Page MenuHomePhabricator

Possible uptick in "DBTransactionSizeError: Transaction spent [n] second(s) in writes, exceeding the limit of 3"
Closed, DuplicatePublicPRODUCTION ERROR

Description

Error
normalized_message
[{reqId}] {exception_url}   Wikimedia\Rdbms\DBTransactionSizeError: Transaction spent 5.9580748081207 second(s) in writes, exceeding the limit of 3
exception.trace
from /srv/mediawiki/php-1.37.0-wmf.4/includes/libs/rdbms/loadbalancer/LoadBalancer.php(1750)
#0 /srv/mediawiki/php-1.37.0-wmf.4/includes/libs/rdbms/loadbalancer/LoadBalancer.php(2253): Wikimedia\Rdbms\LoadBalancer::Wikimedia\Rdbms\{closure}(Wikimedia\Rdbms\DatabaseMysqli)
#1 /srv/mediawiki/php-1.37.0-wmf.4/includes/libs/rdbms/loadbalancer/LoadBalancer.php(1764): Wikimedia\Rdbms\LoadBalancer->forEachOpenMasterConnection(Closure)
#2 /srv/mediawiki/php-1.37.0-wmf.4/includes/libs/rdbms/lbfactory/LBFactory.php(249): Wikimedia\Rdbms\LoadBalancer->approveMasterChanges(array, string, integer)
#3 /srv/mediawiki/php-1.37.0-wmf.4/includes/libs/rdbms/lbfactory/LBFactoryMulti.php(236): Wikimedia\Rdbms\LBFactory::Wikimedia\Rdbms\{closure}(Wikimedia\Rdbms\LoadBalancer, string, array)
#4 /srv/mediawiki/php-1.37.0-wmf.4/includes/libs/rdbms/lbfactory/LBFactory.php(251): Wikimedia\Rdbms\LBFactoryMulti->forEachLB(Closure, array)
#5 /srv/mediawiki/php-1.37.0-wmf.4/includes/libs/rdbms/lbfactory/LBFactory.php(310): Wikimedia\Rdbms\LBFactory->forEachLBCallMethod(string, array)
#6 /srv/mediawiki/php-1.37.0-wmf.4/includes/MediaWiki.php(675): Wikimedia\Rdbms\LBFactory->commitMasterChanges(string, array)
#7 /srv/mediawiki/php-1.37.0-wmf.4/includes/api/ApiMain.php(664): MediaWiki::preOutputCommit(DerivativeContext)
#8 /srv/mediawiki/php-1.37.0-wmf.4/includes/api/ApiMain.php(609): ApiMain->executeActionWithErrorHandling()
#9 /srv/mediawiki/php-1.37.0-wmf.4/api.php(90): ApiMain->execute()
#10 /srv/mediawiki/php-1.37.0-wmf.4/api.php(45): wfApiMain()
#11 /srv/mediawiki/w/api.php(3): require(string)
#12 {main}
Notes

Seemed like I was seeing an unusual number of these while doing log triage for 1.37.0-wmf.4. Looking at logstash, there's an apparent uptick starting in late April 2021:

Screenshot-2021-05-06-12:06:30.png (251×674 px, 20 KB)

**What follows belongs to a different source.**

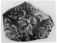 | Description: | Two joining wall fragments broken all around. At bottom, tips of widely spaced leaves preserved; at top, a band of pendent leaves with dots above. In center, a seated figure with a nude figure across his knees. At left, a bearded figure driving left in a chariot. At right, a winged figure driving right in a chariot. Two birds in field. Pinkish-buff clay. Somewhat metallic glaze, worn in places. | |
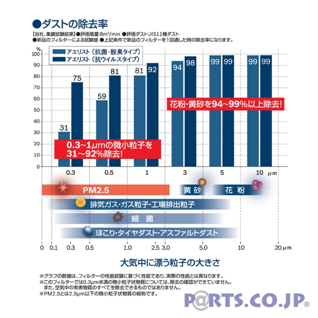 従来の抗菌・脱臭タイプに抗ウイルス機能が追加され、花粉・ほこりだけでなく、微小粒子(PM2.5)の除去にも効果を発揮します。 ■ウイルスをしっかり抑制:植物由来の天然ポリフェノールを採用。フィルターにて捕集されたウイルスの活動を抑制。車内をクリーンに快適に。■菌・カビの繁殖を抑制:高い抗菌効果を発揮する抗菌剤を採用。フィルター表面に付着した菌、カビの繁殖を抑制。クリーンな空気を車内へ供給。■イヤなにおいを強力脱臭:高性能活性炭を採用。排ガス、タバコ、カビ、ペットなどのイヤなにおいを吸着し、高い脱臭効果を発揮。■花粉の侵入をブロック:帯電超極細不織布を採用。通気性を低下させることなく花粉、チリ、ホコリなど0.3μ以上の粉塵をしっかりブロック。

No idea if these are just a product of database weather or a result of some code change, but it seemed worth surfacing. Most are on commons, some on enwiki.

Details

Request URL
https://commons.wikimedia.org/w/api.php?format=*&maxlag=*&action=upload

Event Timeline

Marostegui subscribed.

We (DBAs) cannot do anything about it, the transaction took longer than expected (it could be a punctual issue, it could be code issue) and then it was rolled back.
I don't see anything wrong with the database layer at this point. https://logstash.wikimedia.org/goto/343f8796c3282c67d115f82352443e16
Removing the DBA tag for now, but I will stay subscribed to the task in case I am needed

There are also other issues on action=upload with big files, see T278389 or T280926, possible all related

BPirkle triaged this task as Medium priority.May 11 2021, 7:13 PM
BPirkle subscribed.

Moving to Clinic Duty for investigation. I triaged as Medium priority. Feel free to bump it to High if you think that is warranted.